Historical artworks celebrating the development of the West will be seen alongside contemporary works that critique the exploitation of its natural resources. For instance, Joseph Harrington’s heroic painting The Discovery of the Comstock Lode, June 12, 1859 will be shown with an aerial photograph by Michael Light that reveals the destructive results of industrial mining. An array of mass-produced fruit crate labels from the 1920s and 1930s with idealized views of bountiful California crops will be displayed with Ester Hernandez’s Sun Mad poster, a satirical view of agribusiness. And the harsh conditions of farm workers captured in Matt Black’s recent photographs of the Central Valley contrast with Peter Hurd’s A Ranch on the Plains, a painting commissioned by a San Francisco beer company as part of a western-themed advertising campaign meant to evoke the sprawling, romantic solitude of the livestock farmer.

The final gallery of Wild West honors the 2016 centennial of the National Park Service. Artworks featured there will include Yosemite landscapes by Bay Area artist Chiura Obata and a selection of posters by Michael Schwab celebrating the diverse sites that make up the Golden Gate National Recreation Area. With the western terminus of the transcontinental Lincoln Highway at its doorstep, the Legion of Honor is a fitting venue for this exhibition, which concludes with views of nearby Lands End, the ruins of the Sutro Baths and Ocean Beach.

legionofhonor.org \ #WildWest \ @legionofhonor

Visiting \ Legion of Honor
Lincoln Park, 34th Avenue & Clement Street, San Francisco, CA 94121 Open 9:30 a.m.–5:15 p.m. Tuesdays–Sundays; open select holidays; closed most Mondays.

Tickets
For adults, tickets start at $20 and include general admission; discounts are available for seniors, students, and youths. Members and children 5 and under are free. Prices subject to change.

Exhibition Organization
This exhibition is organized by the Fine Arts Museums of San Francisco. Benefactor’s Circle: Mr. and Mrs. Charles Crocker.

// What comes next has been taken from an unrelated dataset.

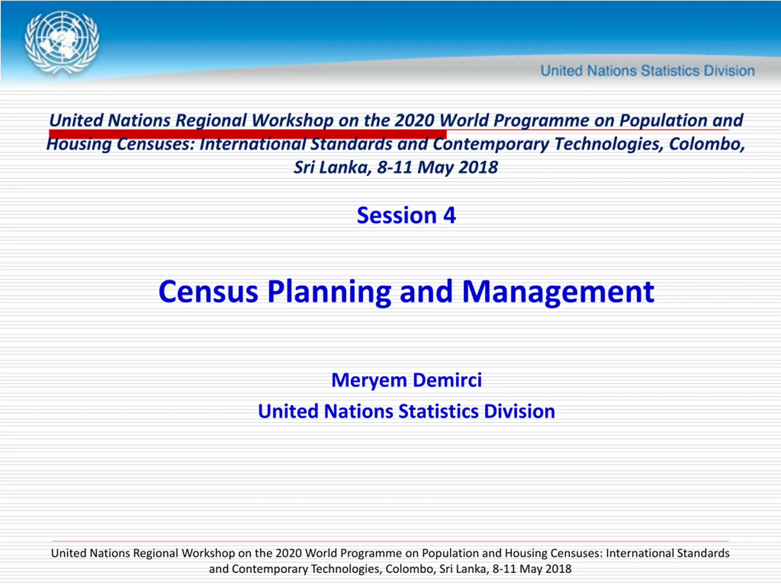 United Nations Regional Workshop on the 2020 World Programme on Population and Housing Censuses: International Standards and Contemporary Technologies, Colombo, Sri Lanka, 8-11 May 2018 Session 4 Census Planning and Management Meryem Demirci United Nations Statistics Division United Nations Regional Workshop on the 2020 World Programme on Population and Housing Censuses: International Standards and Contemporary Technologies, Colombo, Sri Lanka, 8-11 May 2018
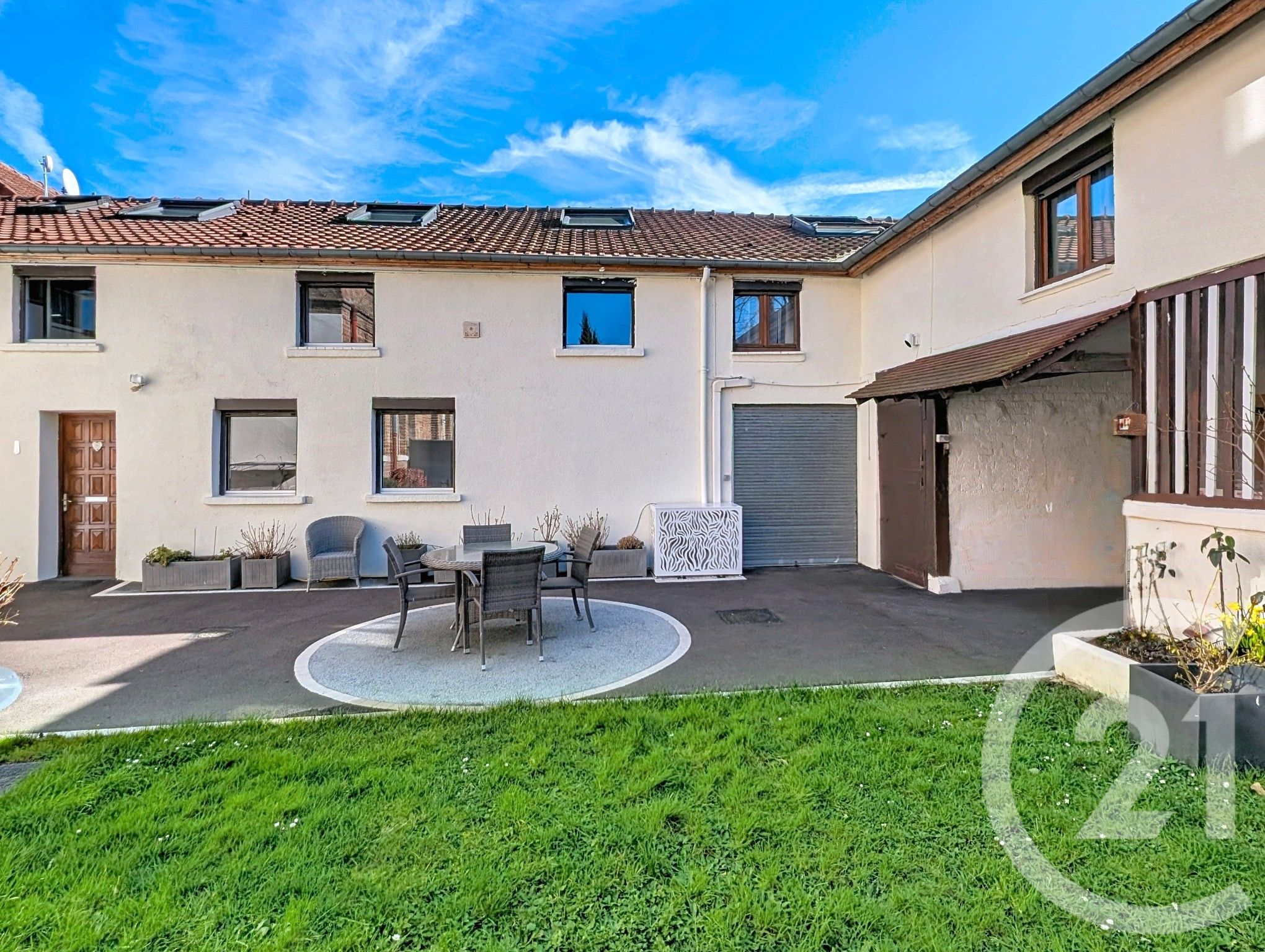 Dans le secteur historique et recherché de la cité Menier à Noisiel, venez découvrir ce bien à l'esprit loft. Derrière une classique porte cochère, vous arrivez devant la maison donnant sur une cour et un jardin. Au rdc de la maison vous trouvez une grande entrée desservant une chambre, un bureau, une salle d'eau avec espace buanderie et des W.C. Un escalier sur la gauche de l'entrée, vous amène à la pièce a vivre refaite récemment avec cuisine ouverte, espace salle à manger puis salon. Une porte dessert l'espace chambres où une pièce palière aménagée en bibliothèque dessert 2 belles chambres, un bureau en enfilade d'une chambre, et également une salle d'eau avec W.C. Vous aurez également de nombreux rangements au rdc. Côté quartier, vous serez au cœur de la cité Menier avec de nombreux commerçants : pharmacie, coiffeur, superette, fleuriste, boulangerie Pour les transports des bus vous amène à la gare RER A de Noisiel ou Torcy en 10 minutes. Venez vous laisser charmer !

About the Fine Arts Museums of San Francisco
The Fine Arts Museums of San Francisco, comprising the de Young in Golden Gate Park and the Legion of Honor in Lincoln Park, are the largest public arts institution in San Francisco.

The Legion of Honor was inspired by the French pavilion at San Francisco’s Panama-Pacific International Exposition of 1915 and, like that structure, was modeled after the neoclassical Palais de la Légion d’Honneur, in Paris. The museum, designed by George Applegarth, opened in 1924 on a bluff in Lincoln Park overlooking the Golden Gate. Its holdings span four thousand years and include European painting, sculpture, and decorative arts; ancient art from the Mediterranean basin; and the largest collection of works on paper in the American West.

The de Young originated from the 1894 California Midwinter International Exposition in Golden Gate Park and was established as the Memorial Museum in 1895. It was later renamed in honor of Michael H. de Young, who spearheaded its creation. The present copper-clad landmark building, designed by Herzog and de Meuron, opened in October 2005. It holds the institution’s significant collections of American painting, sculpture, and decorative arts from the seventeenth to the twenty-first centuries; art from Africa, Oceania, and the Americas; costume and textile arts; and international modern and contemporary art.